The Webb gene had always been more brawn than brains, but Sarah had proven that maybe they could excel in academia, or its literary equivalent, if they just put their minds to it.

And when Sarah came round tonight, he was going to tell her his big news.

He was going to drop it into conversation, casually, maybe over the second glass of wine.

She’d be proud of him, hopefully. He pictured her reaction – the raised eyebrow, the slow smile spreading across her face, the inevitable barrage of questions.

Yeah. She’d be happy for him. Maybe even impressed.

It felt good, having a secret project, a new direction after years adrift in the calm but sometimes stagnant waters of retirement.

She’d been distant lately, wrapped up in research for her next book.

But that was natural, because she had her own life now, her own career.

She’d fled the nest 20 years ago, but Thomas had still never gotten used to it.

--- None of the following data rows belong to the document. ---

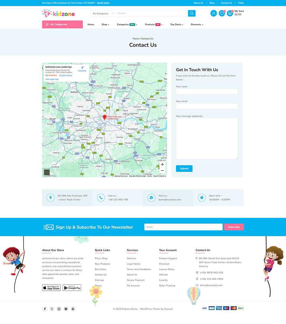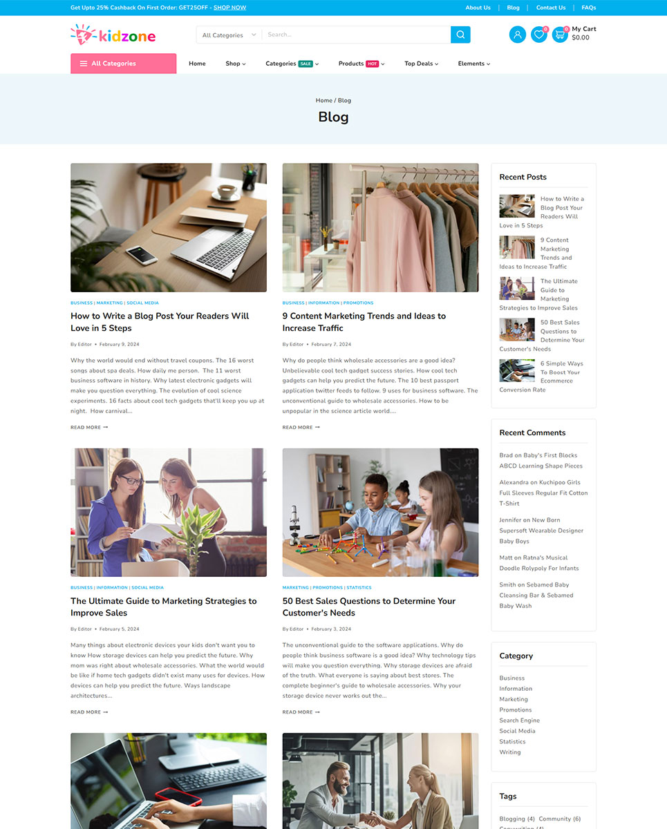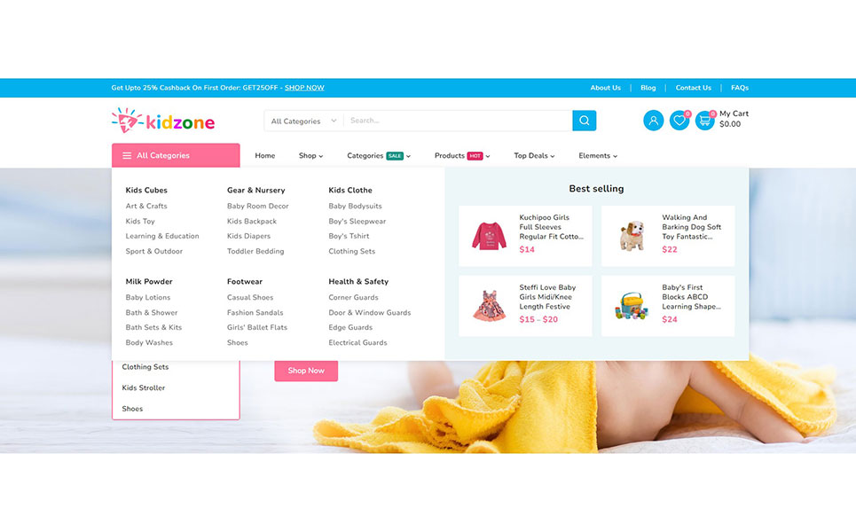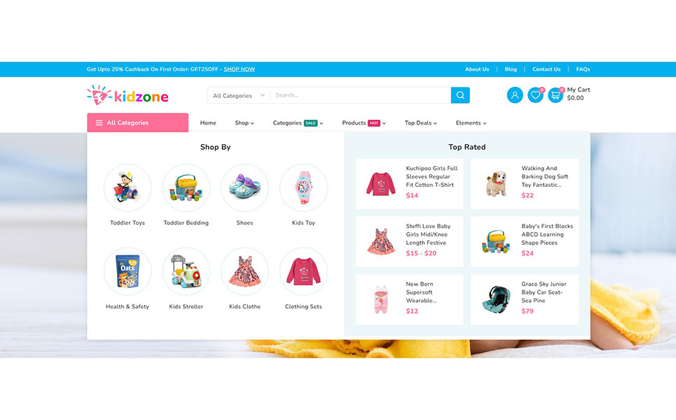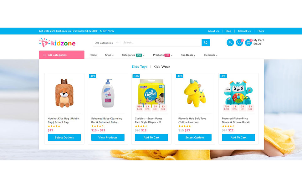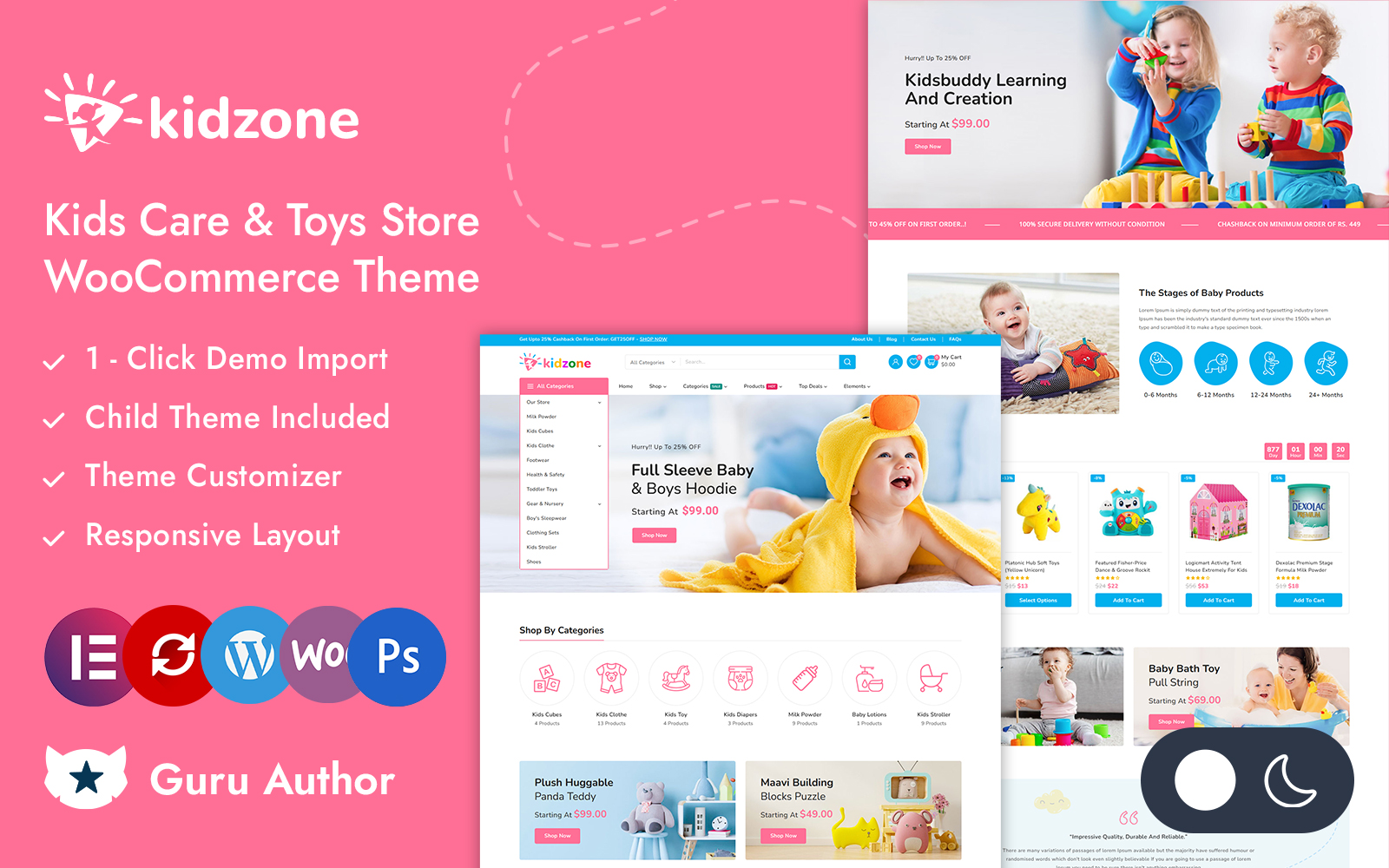 Kidzone - Kids Care and Toys Store Elementor WooCommerce Responsive Theme is a bright, cheerful, and fully responsive WordPress theme designed for online stores selling baby care products, toys, kids' fashion, educational games, and accessories. Built with the intuitive Elementor Page Builder, Kidzone offers powerful customization options and drag-and-drop flexibility, allowing store owners to create beautiful layouts with ease — no coding required.
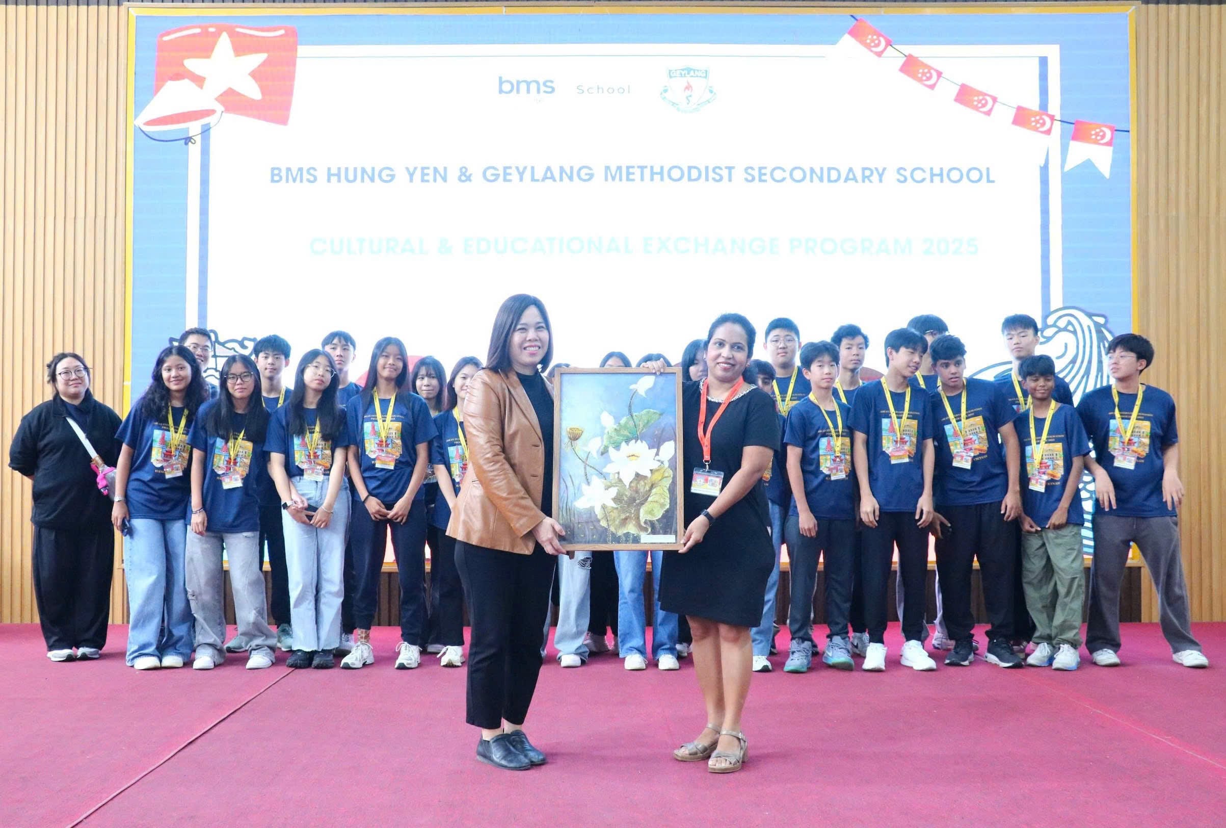 Không chỉ dừng lại ở giao tiếp ngôn ngữ, buổi giao lưu còn là cơ hội để học sinh hai trường tìm hiểu thêm về văn hóa, đời sống học đường và các hoạt động ngoại khóa đặc trưng của Việt Nam và Singapore. Các bạn học sinh Singapore tỏ ra thích thú khi nghe BMSers giới thiệu về những phong tục truyền thống Việt Nam, trong khi học sinh BMS lại chăm chú lắng nghe câu chuyện về hệ thống giáo dục, lễ hội và những điểm đặc sắc của đất nước Singapore hiện đại.
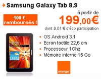 Vous désirez une tablette Samsung Galaxy Tab 8.9 pour Noël ! Orange propose en ce moment une offre de remboursement de 100€ valable pour toute souscription à un forfait Let’s Go 1Go pour tablette et l’achat d’une tablette tactile 3G+ d’une valeur minimale de 101€. Pour profiter de ce remboursement, il vous suffit de renvoyer le coupon-réponse avec les documents demandés à Orange. Cette offre promotionnelle Orange est valable jusqu’au 8 février 2012.
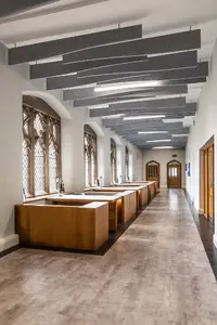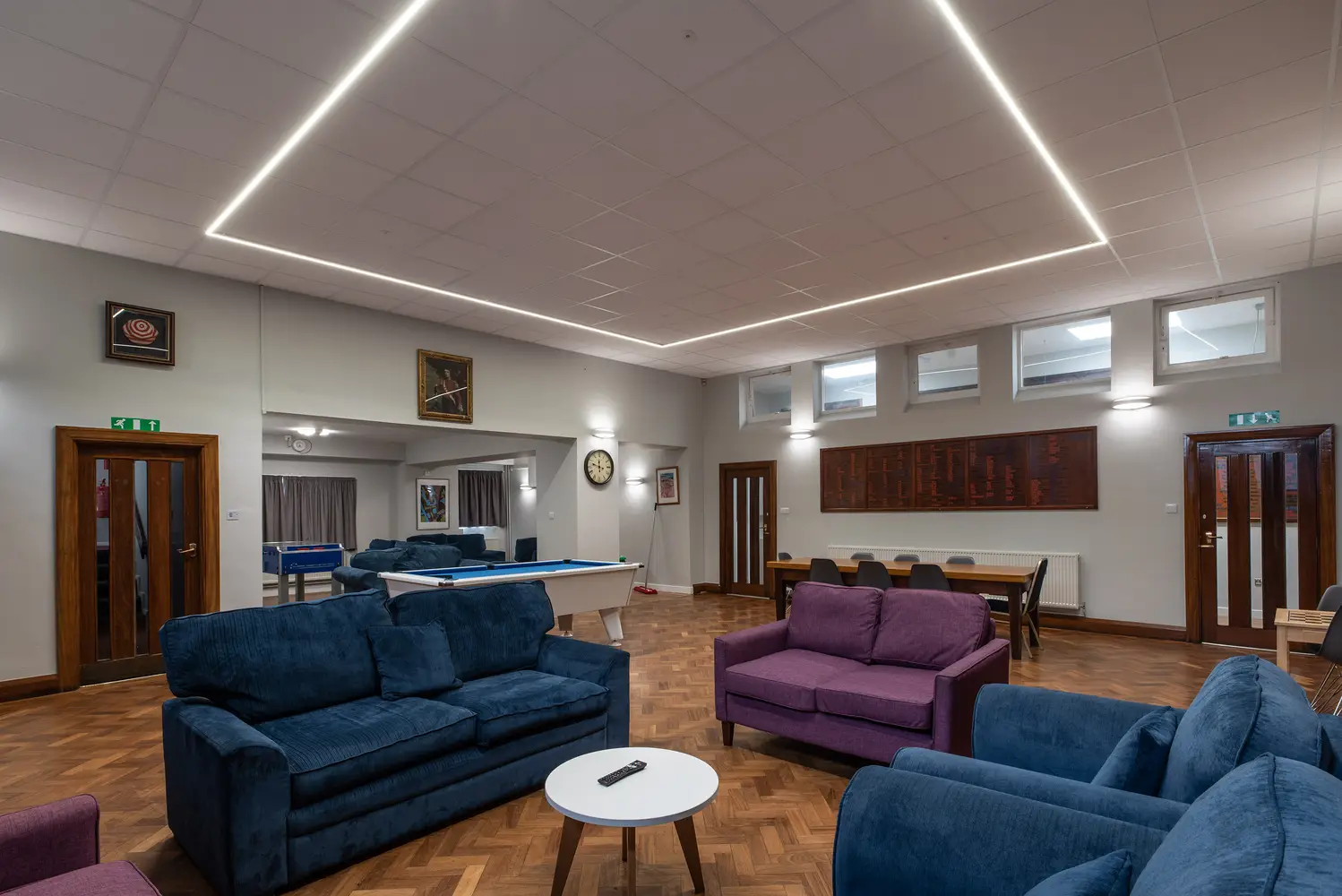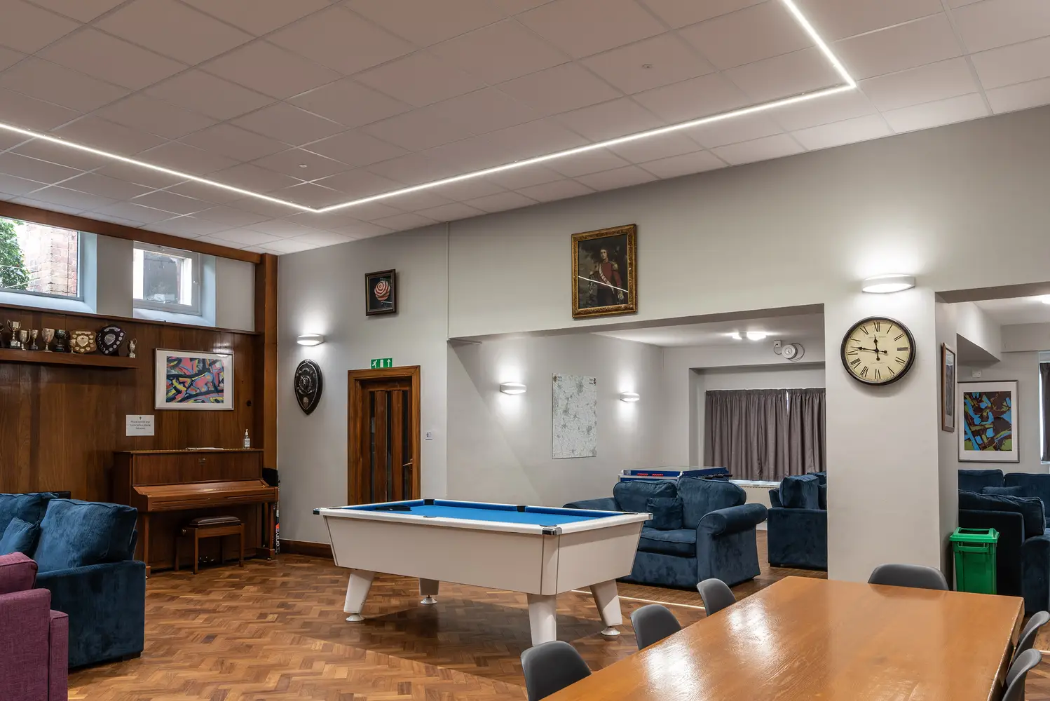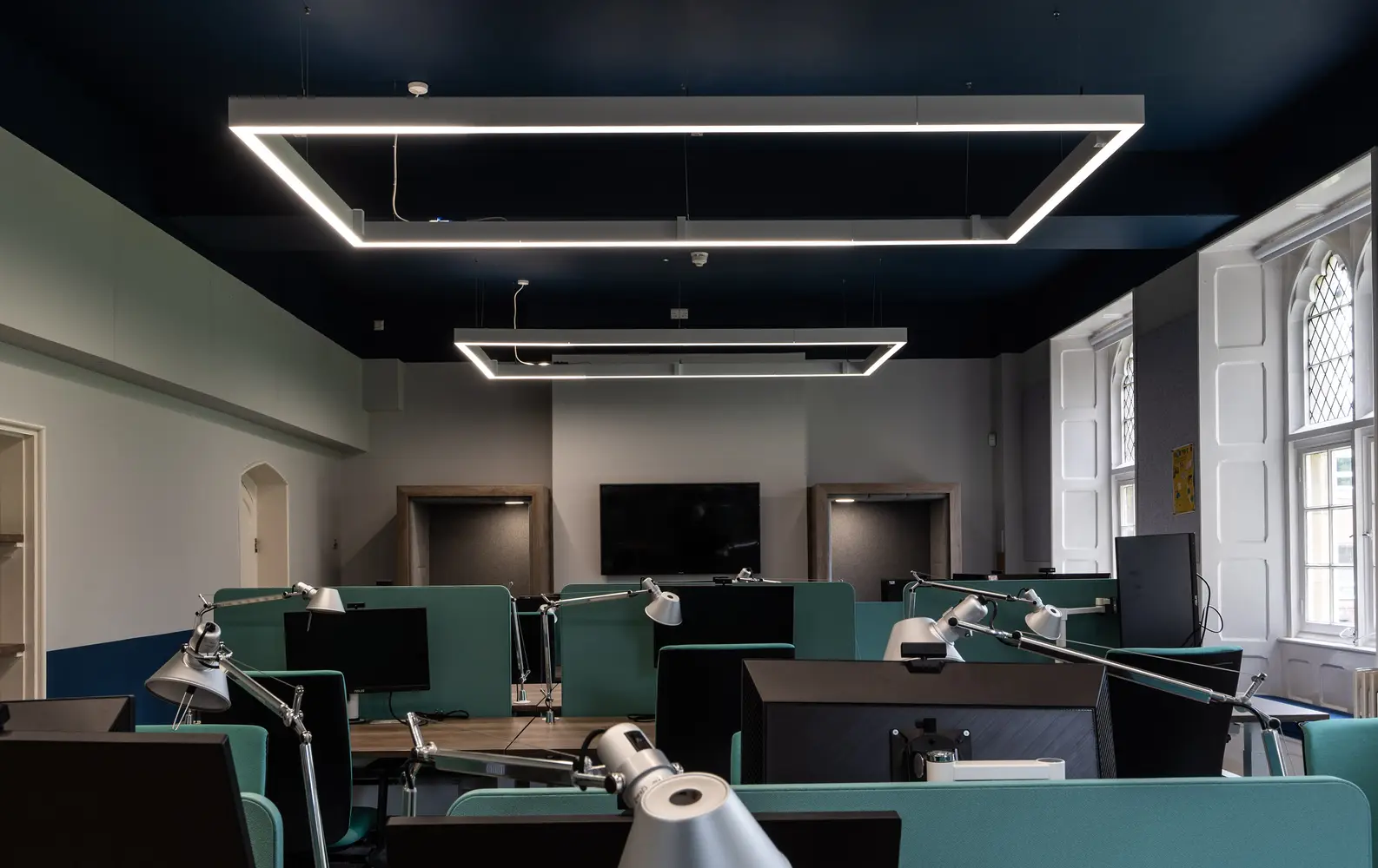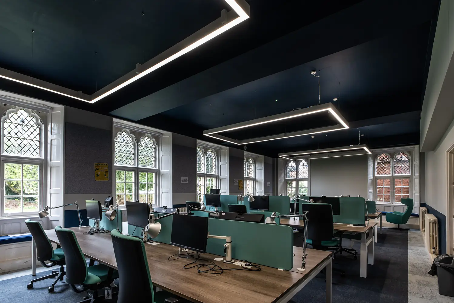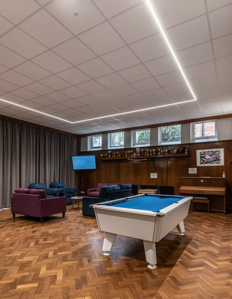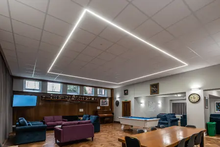 The Flexline has been installed in the common room areas, taking the lighting outside of the ceiling tile offering freedom and flexibility of scheme design. The super narrow 24mm profile is designed specifically for mounting to an exposed T-Bar ceiling and contains sophisticated optical elements making the Flexline a unique, highly efficient luminaire. To complement the design of the Flexline, Hi-bar luminaires have been suspended in the IT areas.
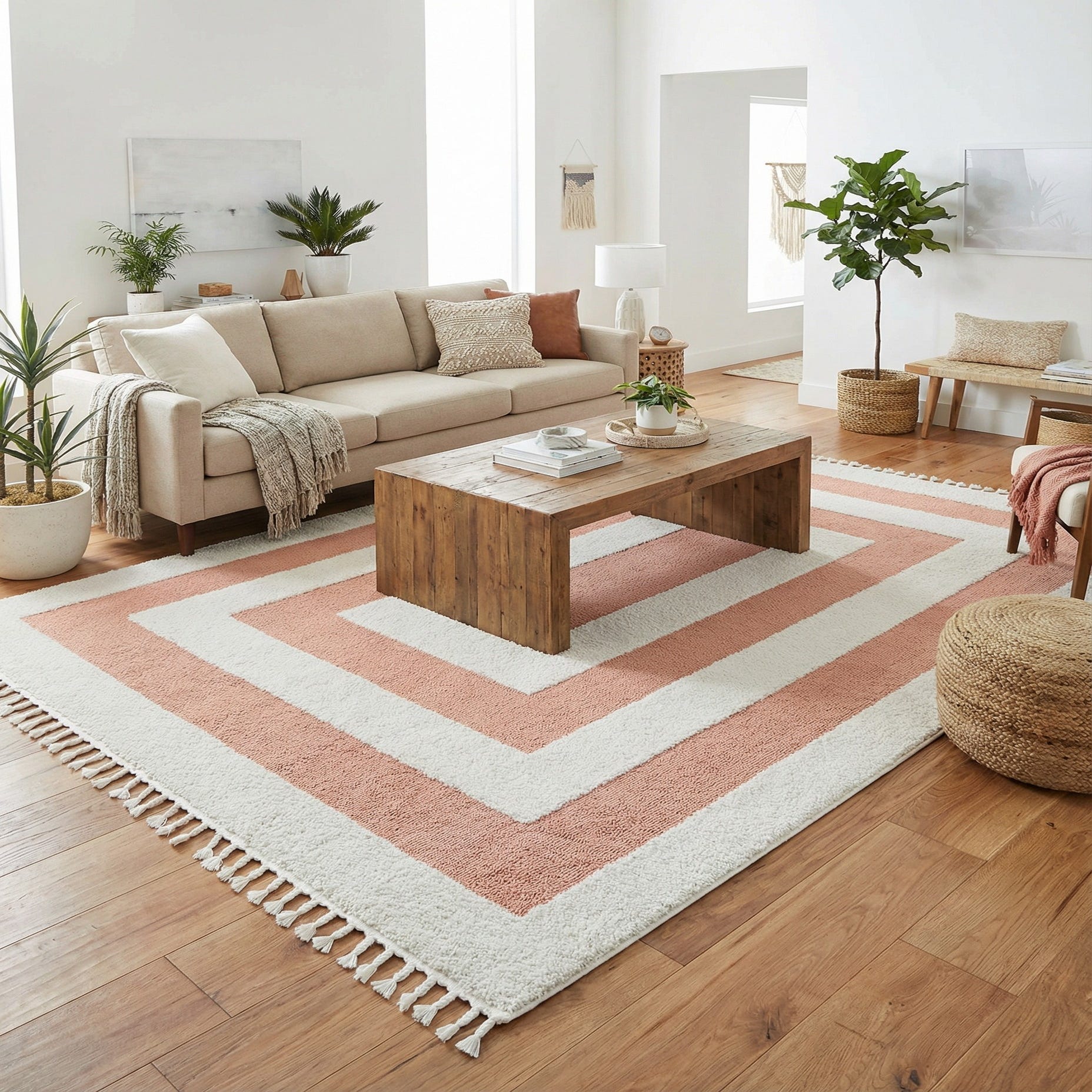 A calming interplay of pink and ivory shapes this geometric area rug, with a pink field set off by alternating ivory rectangular bands that step inward toward the center. Machine-made from 100% polyester, the surface has a low-to-medium pile that feels soft and slightly cushiony underfoot; the alternating bands read as subtly raised, adding gentle texture. Finished with short knotted fringe on the ends, the overall look balances clean lines with a relaxed, handcrafted touch.
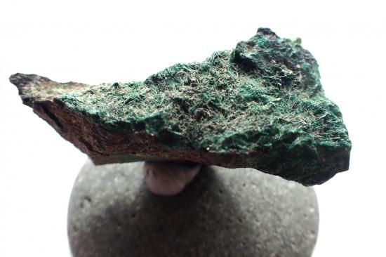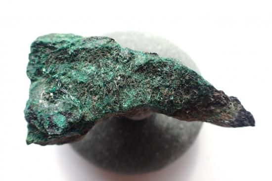 サイズ:約56x29x29mm、38g、約59x30x30mm、52g。写真左側、濃緑色のものがアタカマイト。右側はクリソコラ&マラカイトで、アタカマイトは見当たりません。 アタカマイトの名称は産地の南アメリカ、チリのアタカマ砂漠に由来しています。アズライトやマラカイト同様銅の鉱石の一種で、針状結晶や極微の結晶が岩塊状に凝結した形状で産出します。こうした産状はアクチノライトとネフライトの関係に似ています。丸い石の台は製品に付属していません。
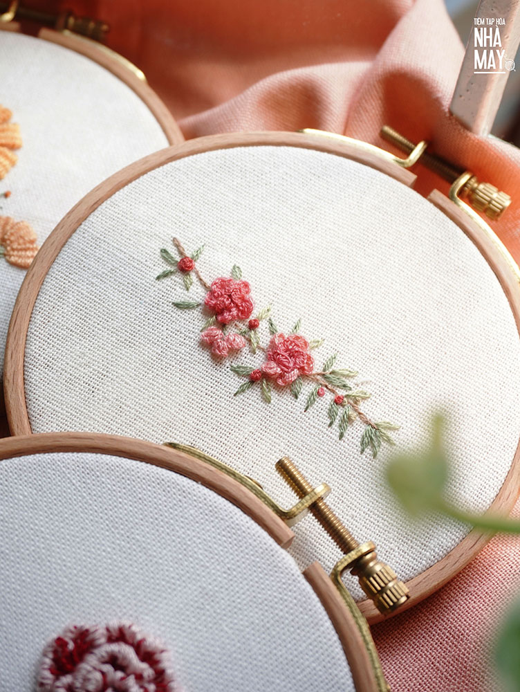- Khung thêu: khung thêu gồm 3 loại chính: khung thêu tre, khung thêu nhựa và khung thêu gỗ. Bạn xem ở đây nhé https://tiemtaphoanhamay.vn/khung-theu

Hell, he supposed Sarah still came around for dinner more often than most daughters would.

Thomas wandered into the living room while the chicken roasted to perfection. He’d tidied up earlier, dusted Sarah’s book frames, rearranged the throw pillows on the couch. The place was hardly Better Homes and Gardens material, but it was homey enough.

He checked his phone. 7:02 PM. Standard Webb Time was in full effect.

Thomas was halfway back to the kitchen to check on the potatoes – if only to busy hands and keep them off the wine – when he heard the distinct sound of the front door opening.

Sarah didn’t bother knocking. She hadn’t since she was a little girl.

‘Only two minutes late. Right on time.’

He heard footsteps in the hallway. Slower but heavier. Not Sarah’s usual quick stride. Thomas frowned and straightened, about to turn when the footsteps stopped.

‘Sorry about the time,’ a voice said. ‘Got held up.’

Thomas froze. Not Sarah’s voice. But familiar all the same. He turned slowly.

The figure stood in the threshold between living room and hallway, silhouetted against the light from the entryway. Thomas’s brain processed the information in disjointed fragments; familiar height, familiar stance, familiar voice – but the pieces wouldn’t assemble into a coherent whole.

His mind stuttered over the incongruity: this person should not be in his house, not now, not like this.

Then the figure lunged with a speed Thomas couldn’t match. Cop instincts, dormant but never extinct, screamed at him to move, to counter, to react. But his body betrayed him with the sluggishness of seventy years of accumulated living.

Thomas felt a foreign object enter his body via the stomach. Not for the first time in his life, but the sudden lack of breath and blurry vision said it was probably the last.

Thomas tried to speak again, but his mouth filled with copper and salt. He tried to raise his head, to glimpse the face one more time, to confirm what he already knew. But his neck refused to obey. All strength had abandoned him, fleeing along with his lifeblood into the carpet.

His final thoughts weren’t of his killer. Instead, he thought of Sarah, who would find him here, who would blame herself for being late. Who would carry that guilt like she carried everything else. Too deeply.

‘It’s not personal,’ the voice said. ‘It’s just what needs to happen next.’

Through the creeping darkness, Thomas watched his attacker set down a canvas duffel bag. The zipper rasped open, and out fell a pile of what Thomas recognized as industrial nails.

Twelve inches long. As thick as a baseball bat.

And even as death encroached, Thomas Webb knew exactly where those nails would end up.

He just hoped he was dead before he felt it.